======== DATASET EXTRACT
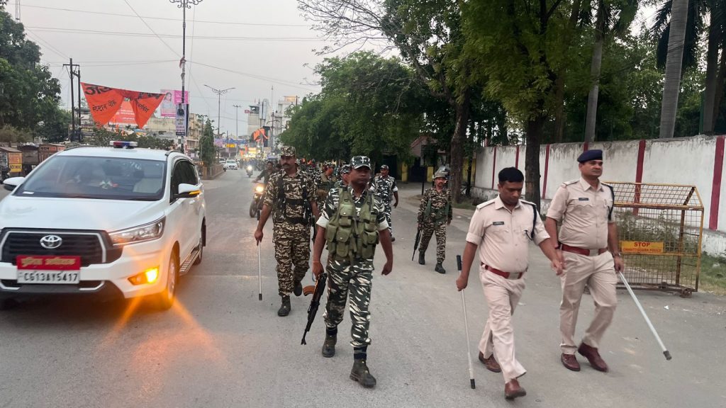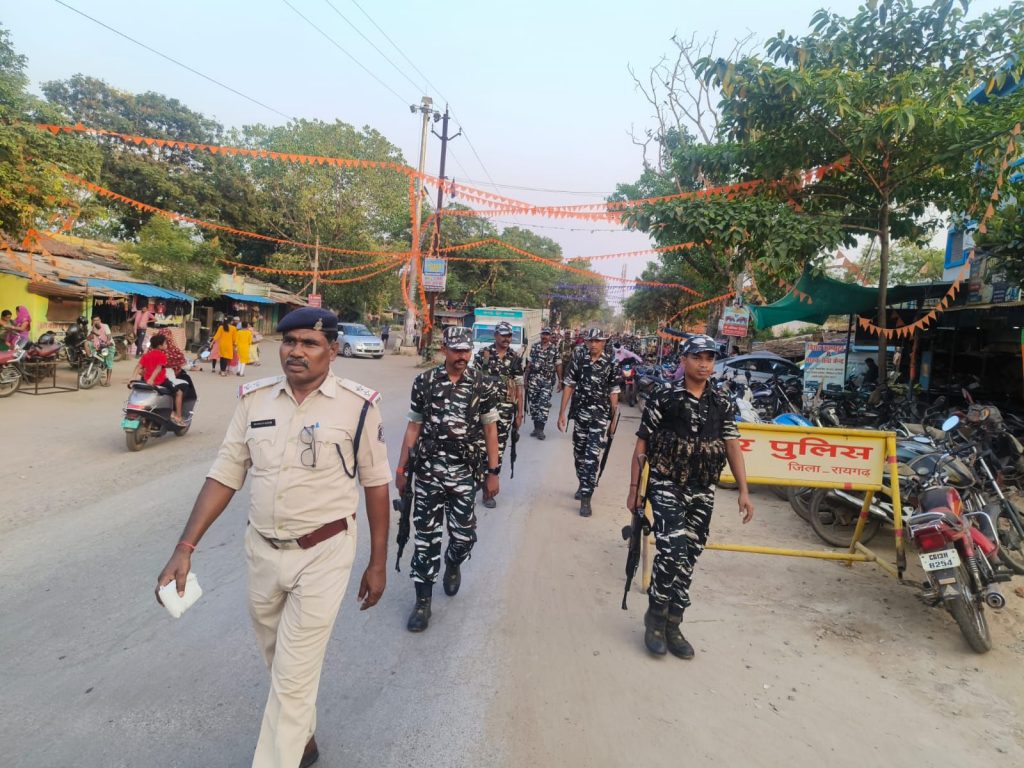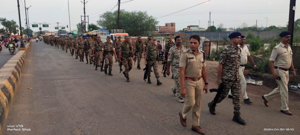● रायगढ़ पुलिस ने नागरिकों को भय मुक्त होकर 07 मई को अधिक से अधिक मतदान करने का दिया संदेश– *30 अप्रैल रायगढ़* । लोकसभा चुनाव 2024 के तीसरे चरण में 07 मई को जिले में मतदान होना है । चुनाव कार्य के लिए जिले में अर्द्धसैनिक बलों की कंपनियों के आने का सिलसिला जारी है जिनके ठहरने हेतु अलग-अलग थानाक्षेत्र में व्यवस्था की गई है । कलेक्टर श्री कार्तिकेया गोयल एवं पुलिस अधीक्षक श्री दिव्यांग कुमार पटेल के दिशा-निर्देशन पर आज जिले के सभी थानाक्षेत्र अंतर्गत राजपत्रित पुलिस अधिकारियों व थाना/चौकी प्रभारियों ने अर्धसैनिक बल के जवानों ने साथ शहरी व ग्रामीण क्षेत्रों में पैदल फ्लैग मार्च निकाला गया। पुलिस अधिकारियों ने फ्लैग मार्च दौरान नागरिकों को भय मुक्त होकर मतदान दिवस 07 मई को अधिक से अधिक मतदान करने का संदेश दिया गया । जिला मुख्यालय में पुलिस अधीक्षक श्री दिव्यांग कुमार पटेल की अगुवाई में शहर के प्रमुख चौंक-चौराहों पर सुरक्षा बलों ने फ्लैग मार्च किया । फ्लैग मार्च का मुख्य उद्देश्य जिले के नागरिकों को सुरक्षा का बोध कराना एवं असामाजिक तत्वों तक संदेश पहुंचाना है कि शांति व्यवस्था को प्रभावित करने की हिमाकत न करें । जिले में शांतिपूर्ण चुनाव सम्पन्न कराने जिला प्रशासन, पुलिस व पैरामिलिट्री फोर्स पूर्ण रूप से प्रतिबद्ध व तत्पर है।
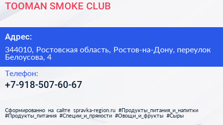 TOOMAN.SMOKE.CLUB по адресу 344010, Ростовская область, Ростов-на-Дону, переулок Белоусова, 4 в дальнейшем Организация, размещена в следующих категориях:
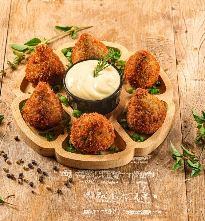 Coxinhas sem massa de costela defumada por 10 horas. Acompanha o exclusivo molho barbecue da casa (R$39).
================
▶ [WHAT TO DO]:
Would you provide an exact, picture-free copy of the data above?

▶ [YOUR RESPONSE]:
● रायगढ़ पुलिस ने नागरिकों को भय मुक्त होकर 07 मई को अधिक से अधिक मतदान करने का दिया संदेश– *30 अप्रैल रायगढ़* । लोकसभा चुनाव 2024 के तीसरे चरण में 07 मई को जिले में मतदान होना है । चुनाव कार्य के लिए जिले में अर्द्धसैनिक बलों की कंपनियों के आने का सिलसिला जारी है जिनके ठहरने हेतु अलग-अलग थानाक्षेत्र में व्यवस्था की गई है । कलेक्टर श्री कार्तिकेया गोयल एवं पुलिस अधीक्षक श्री दिव्यांग कुमार पटेल के दिशा-निर्देशन पर आज जिले के सभी थानाक्षेत्र अंतर्गत राजपत्रित पुलिस अधिकारियों व थाना/चौकी प्रभारियों ने अर्धसैनिक बल के जवानों ने साथ शहरी व ग्रामीण क्षेत्रों में पैदल फ्लैग मार्च निकाला गया। पुलिस अधिकारियों ने फ्लैग मार्च दौरान नागरिकों को भय मुक्त होकर मतदान दिवस 07 मई को अधिक से अधिक मतदान करने का संदेश दिया गया । जिला मुख्यालय में पुलिस अधीक्षक श्री दिव्यांग कुमार पटेल की अगुवाई में शहर के प्रमुख चौंक-चौराहों पर सुरक्षा बलों ने फ्लैग मार्च किया । फ्लैग मार्च का मुख्य उद्देश्य जिले के नागरिकों को सुरक्षा का बोध कराना एवं असामाजिक तत्वों तक संदेश पहुंचाना है कि शांति व्यवस्था को प्रभावित करने की हिमाकत न करें । जिले में शांतिपूर्ण चुनाव सम्पन्न कराने जिला प्रशासन, पुलिस व पैरामिलिट्री फोर्स पूर्ण रूप से प्रतिबद्ध व तत्पर है।
 TOOMAN.SMOKE.CLUB по адресу 344010, Ростовская область, Ростов-на-Дону, переулок Белоусова, 4 в дальнейшем Организация, размещена в следующих категориях:
 Coxinhas sem massa de costela defumada por 10 horas. Acompanha o exclusivo molho barbecue da casa (R$39).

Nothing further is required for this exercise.